To do:
Return the records from the first line through the line containing "沢辺 響示さんを姓名の画数から五運を鑑定", and leave out the pictures.

Stored items from a collection:
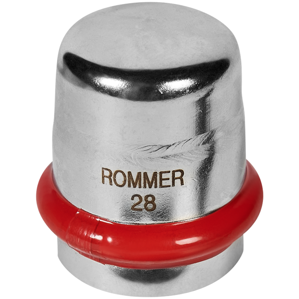 Заглушка изготовлена из стали AISI 304. Материал уплотнения – эластомер EPDM. Уплотнение EPDM, установленное в пресс-фитинг WAAG оснащено уникальным индикатором прессования, которое показывает неопрессованное соединение. Такое соединение будет не герметично (протекать) под давлением от 0,1 до 6,0 бар, поэтому при установке необходимо убедиться, что труба полностью вставлена в фитинг.
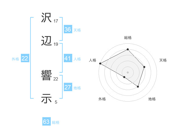 沢辺 響示さんを姓名の画数から五運を鑑定
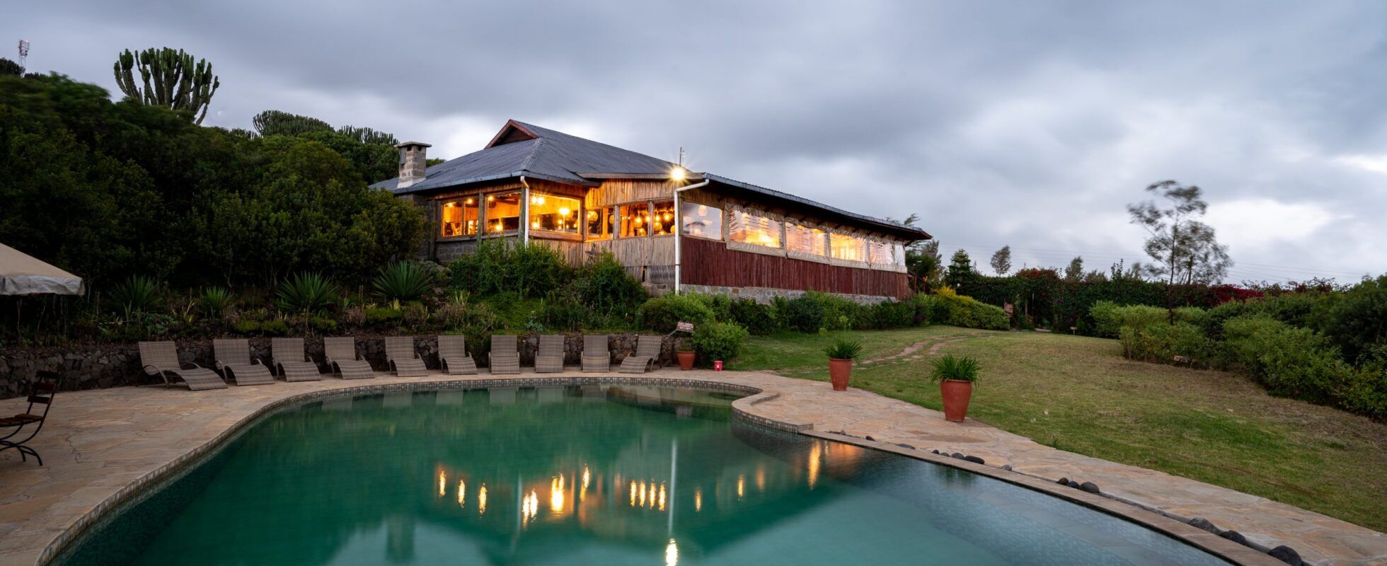Die Rhino Watch Safari Lodge liegt im zentralen kenianischen Hochland und bietet einen wunderschönen Blick auf den Mount Kenia. Sie ist eine Oase der Ruhe inmitten der weiten Natur des umliegenden Hochlandes. Umgeben von drei Wildreservaten voller Nashörner, eignet sich die Lodge ideal als Ausgangspunkt für Pirschfahrten. Mit 9 Doppelchalets, 2 Familienchalets und 9 exklusiven Safarizelten bietet diese Lodge Wohlfühlunterkünfte für jedermann. In der Mitte der Lodge befindet sich ein Teich, an dem Webervögel gerne nisten. Direkt daneben ist eine Bibliothek mit einer kleinen Sunset-Bar. Der Spa-Bereich mit Sauna, entspannendem Jacuzzi und Massageraum lädt nach einem anstrengenden Safari-Tag zum Entspannen ein, bevor Sie sich im Restaurant bei einem Sundowner an der Buschbar mit Köstlichkeiten aus der Buschküche verwöhnen lassen können.
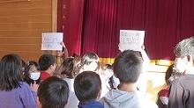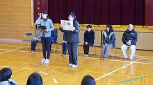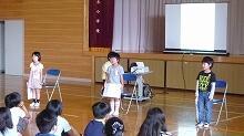初めての全校の前での発表でしたが,3人ともしっかり口を開けて,大きな声でした。
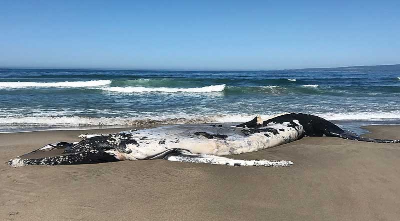 A 29-foot juvenile humpback whale is shown at the shoreline at Manresa State Beach Monday. Officials said it appeared to have been dead several days at sea before washing ashore several days ago. No cause of death was known to officials.
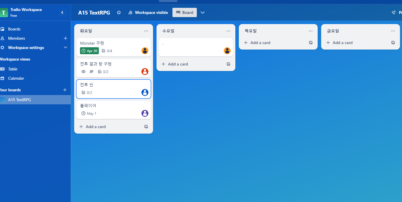 팀 일정을 쉽게 확인하기 위해 트렐로도 이용해봤다.
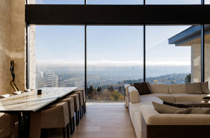 Framed by early light and autumn foliage, this residence reveals itself as part of the hillside, its clean lines and expansive windows hinting at thoughtful design. It offers a peaceful yet connected luxury retreat with elevated views that create a refined and welcoming experience where architecture and nature exist in quiet harmony.
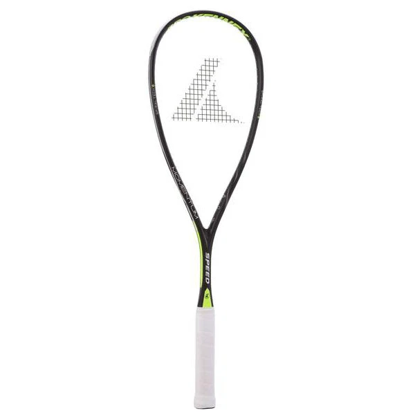 The ProKennex Momentum Speed is designed for traditionalists that want a lightning fast racquet to hunt volleys and put tremendous pressure on their opponents. This racquet has a tear drop design to amplify power and a 14×18 string pattern for improved cut that controls pace. The even balance and lightweight design make this an attacking squash player’s dream so they can take balls very early and play with a lot of holds and deception to speed up the game when they want or slow it down at the right time. The SpiralTech Carbon design is durable and solid feeling so you can take this on court knowing that each shot is going to have pace and power with a solid feel.
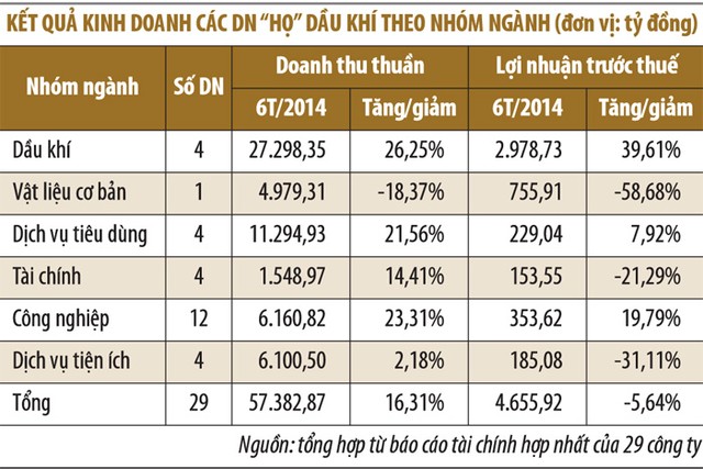 Tham khảo tiêu chí phân ngành của CTCK Dầu khí (PSI), các DN dầu khí được phân thành 6 nhóm ngành là công nghiệp, tài chính, dầu khí, dịch vụ tiện ích, dịch vụ tiêu dùng và vật liệu cơ bản. Trong đó, 29 DN đã công bố BCTC hợp nhất, tính cả BCTC của những DN không có đơn vị thành viên và liên kết. Doanh thu hợp nhất của 29 DN này đạt 57.383 tỷ đồng trong 6 tháng đầu năm, tăng 16,3%; lợi nhuận đạt 4.656 tỷ đồng, giảm 5,64% so với cùng kỳ năm ngoái.

Answer to the problem:
 Заглушка изготовлена из стали AISI 304. Материал уплотнения – эластомер EPDM. Уплотнение EPDM, установленное в пресс-фитинг WAAG оснащено уникальным индикатором прессования, которое показывает неопрессованное соединение. Такое соединение будет не герметично (протекать) под давлением от 0,1 до 6,0 бар, поэтому при установке необходимо убедиться, что труба полностью вставлена в фитинг.
 沢辺 響示さんを姓名の画数から五運を鑑定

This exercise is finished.